Sales promotions cleared excess inventory, prompting carmakers to keep production steady during the traditionally slow summer season to meet demand in the autumn and winter.
It was the 26th consecutive monthly increase in the index. A reading of 50 or above means the manufacturing sector is expanding. A figure below 50 represents a contraction.
The new orders index rose to 60.6 in July from 57.2 in June while the production index surged to 61.2 from 55.6 a month earlier.
Lower prices also helped fuel the rise in the overall index. The price index decreased to 48.5 in July from 50.5 in June. The dip marked an end to 40 consecutive months of higher prices.

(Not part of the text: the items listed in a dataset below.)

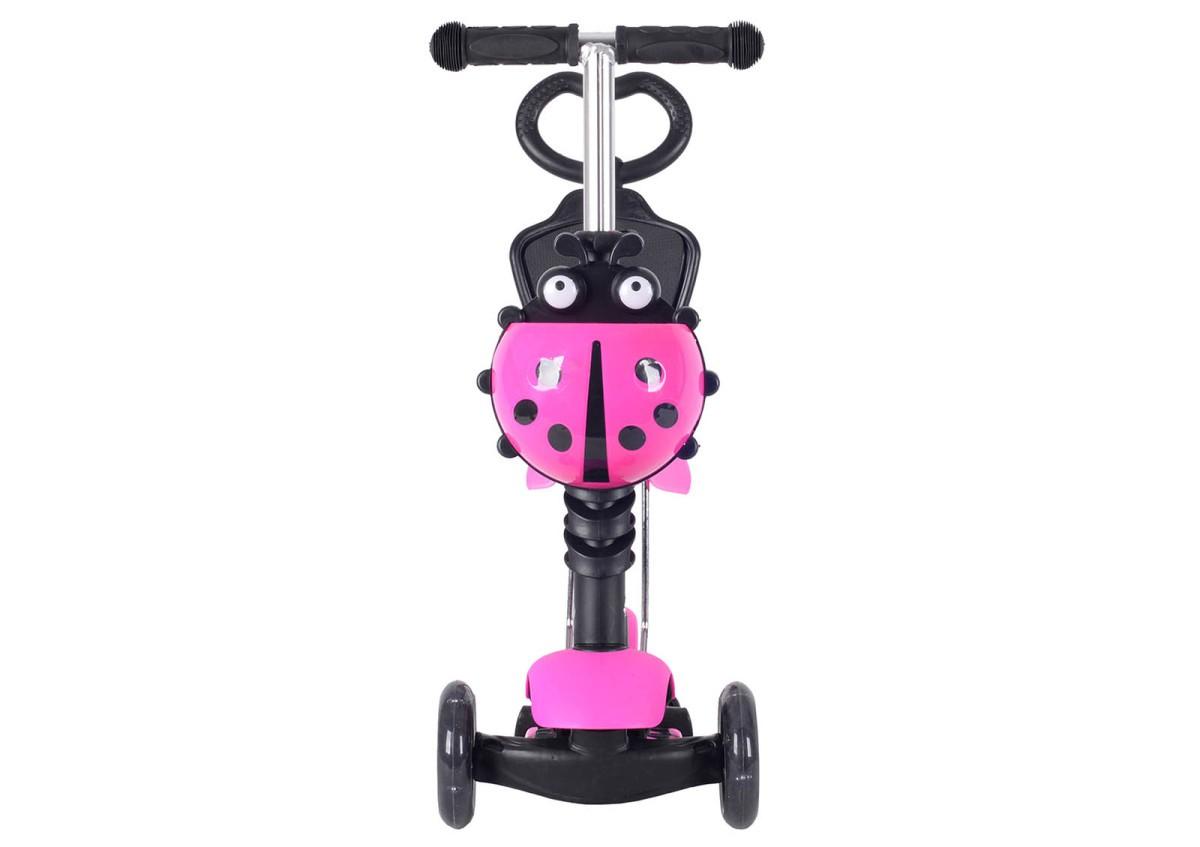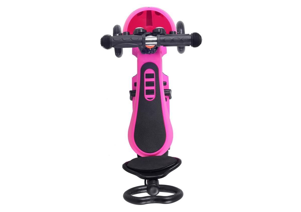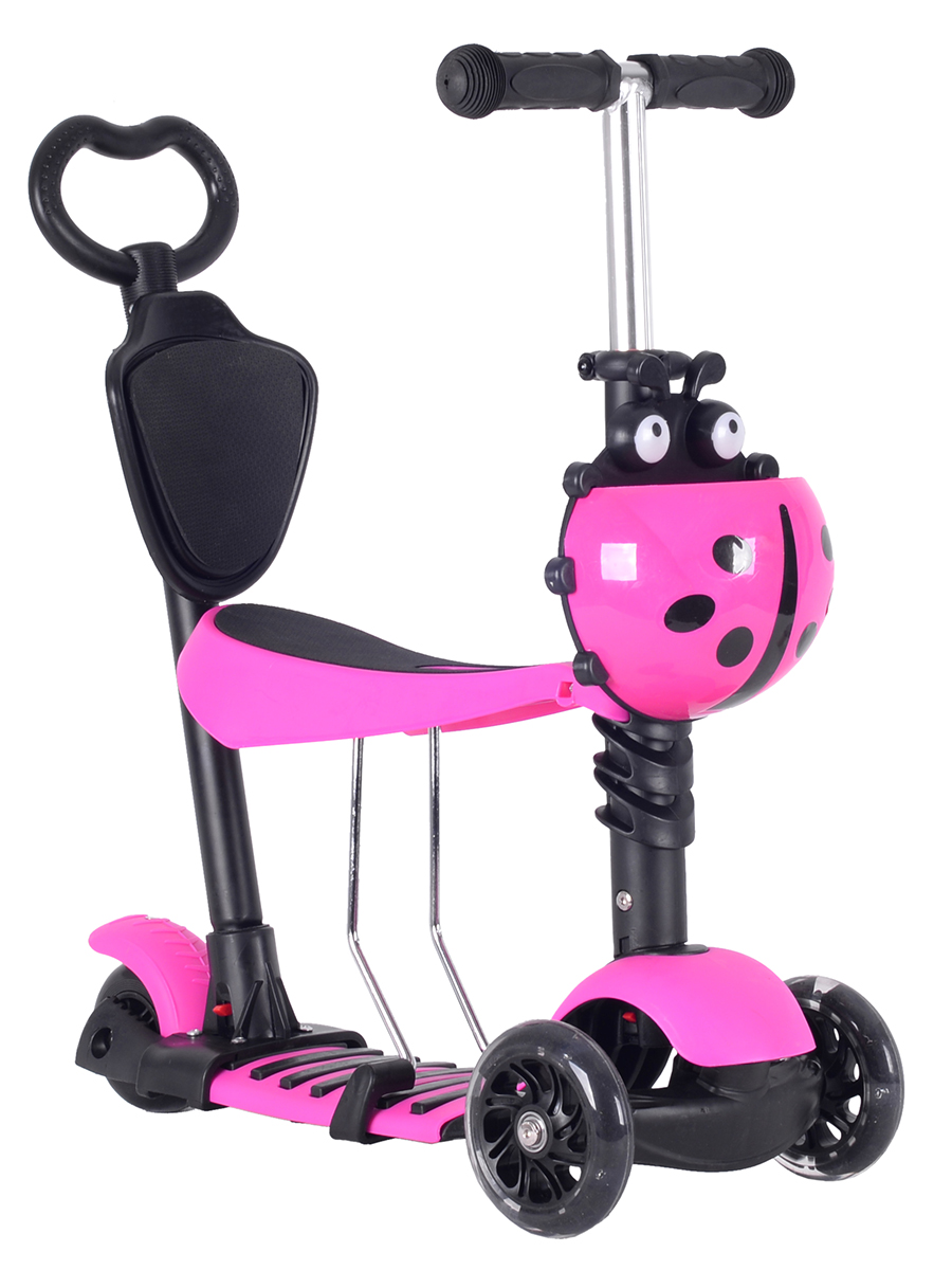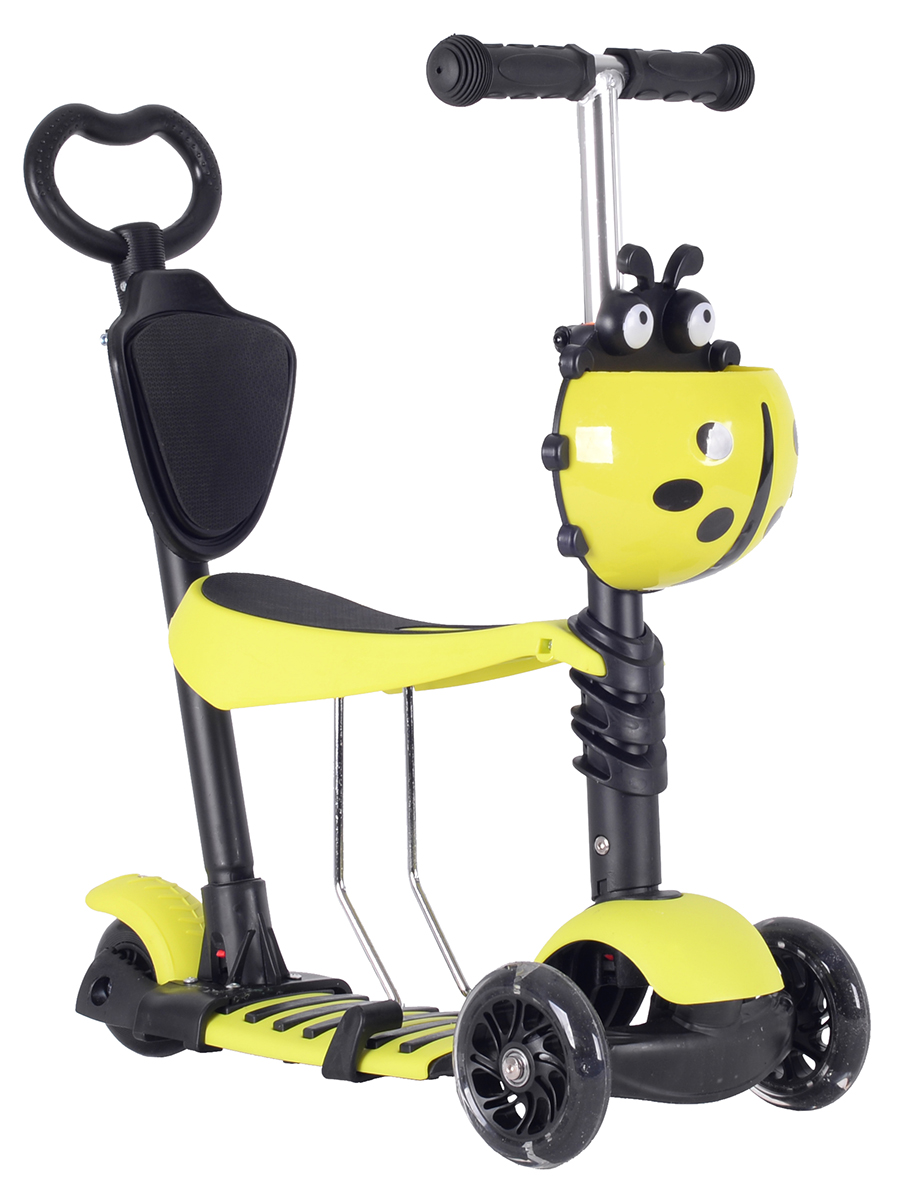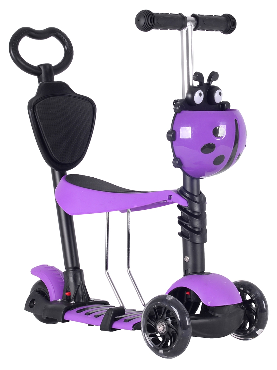 Самокат 5 в 1. Данная модель снабжена съемным детским сиденьем, которое прочно, надежно и безопасно крепится к основе самоката. Наклонная система поворота очень удобна для детей, а также развивает их координацию. Для самых маленьких «гонщиков», а также для их родителей, в комплект уже входит специальная съемная ручка управления, которая снабжена спинкой, комфортно регулируемой по высоте. Детский самокат-трансформер имеет две основные функции, при установленном сиденье — это беговел для совсем маленьких, если сиденье снято — это полноценный самокат. Регулируемая ручка: 65-75 см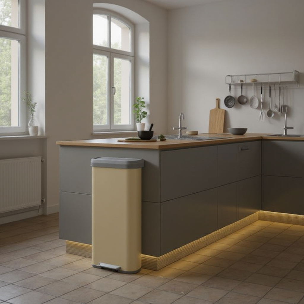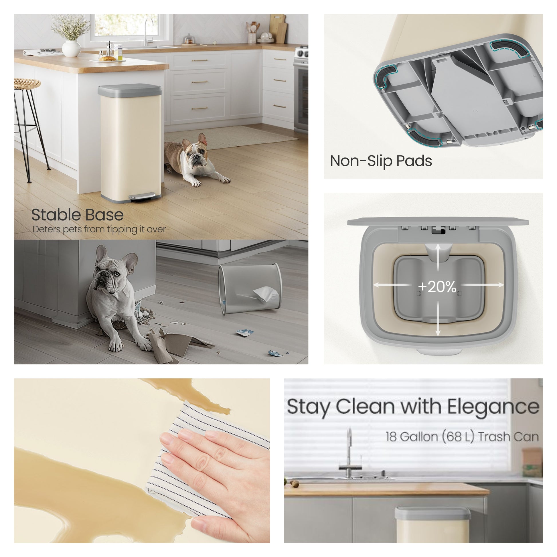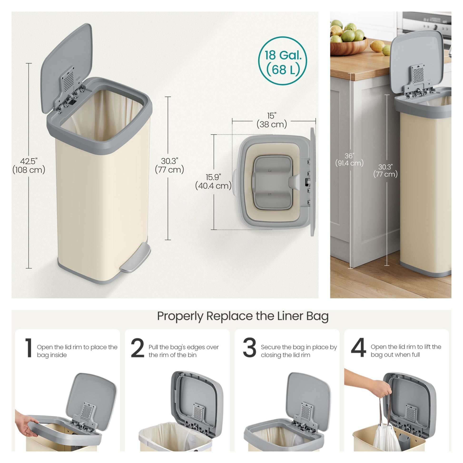 18 Gallon Stainless Steel Kitchen Trash Can, Stay-Open Lid with Step Pedal & Odor Filter, Large Capacity Bin, Sand Beige and Dove Gray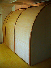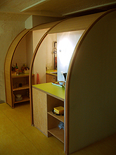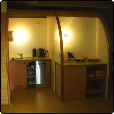 Das Büro-Loft wird vielfach genutzt. Neben Kreativ-Arbeitsplätzen und Konferenzraum wurde ein Raum im Raum installiert zum Dinnieren zwischendurch. Nach dem Mahl verschwindet alles ganz rasch hinter Rollläden notfalls sogar der Abwasch...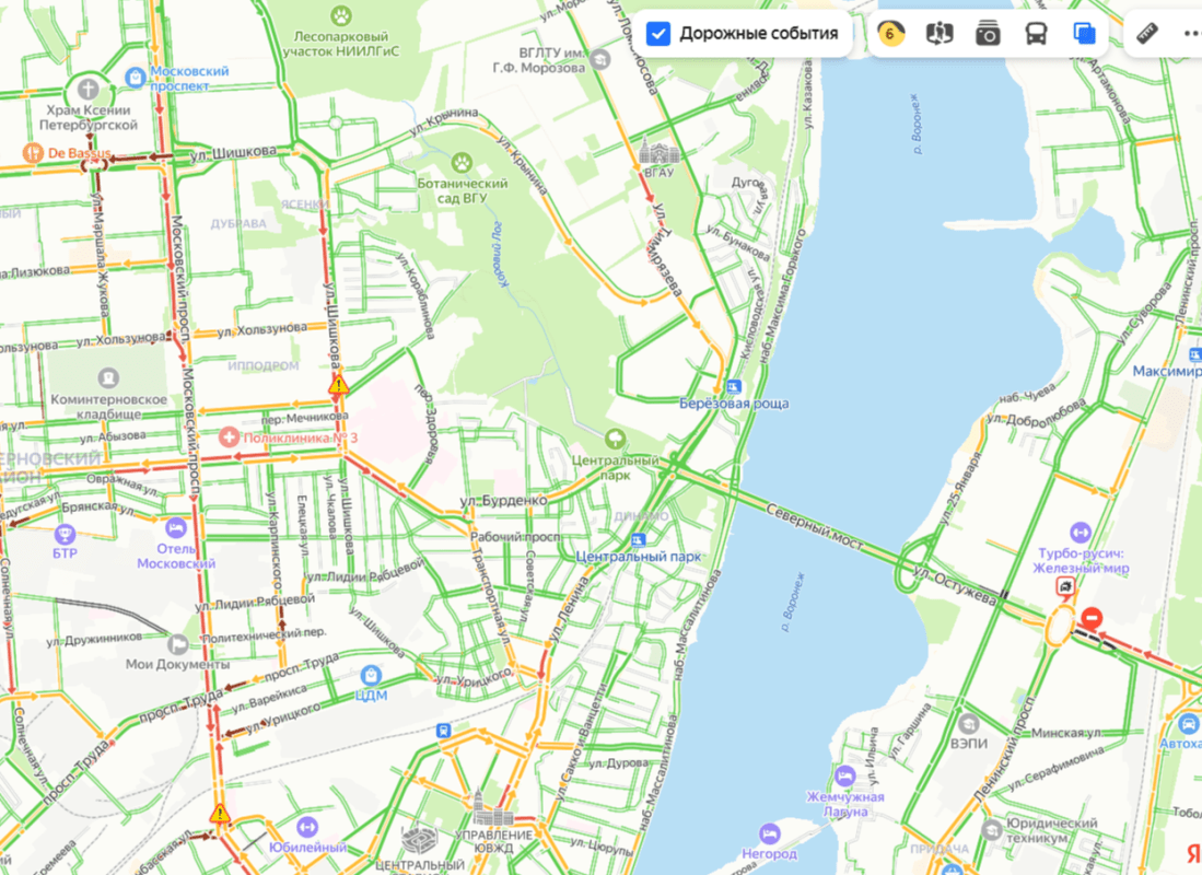 5-километровая пробка скопилась на Московском проспекте в Воронеже сегодня утром, 27 ноября, если верить данным сервиса «Яндекс карты».

''The prices index apparently reached the end of its run in June, as the July index indicates that pricing power, at least for the short term, is now once again favoring buyers," Norbert J. Ore, chairman of ISM's Manufacturing Business Survey committee, said in a release.
Meanwhile, the Commerce Department said yesterday that builders trimmed spending on construction projects around the country in June. Analysts had expected a rise of 0.5 percent.
Spending on all construction projects dipped by 0.3 percent in June from the previous month. Even with the decline, though, the value of all projects was still at a healthy level of $1.1 trillion, at a seasonally adjusted annualized rate.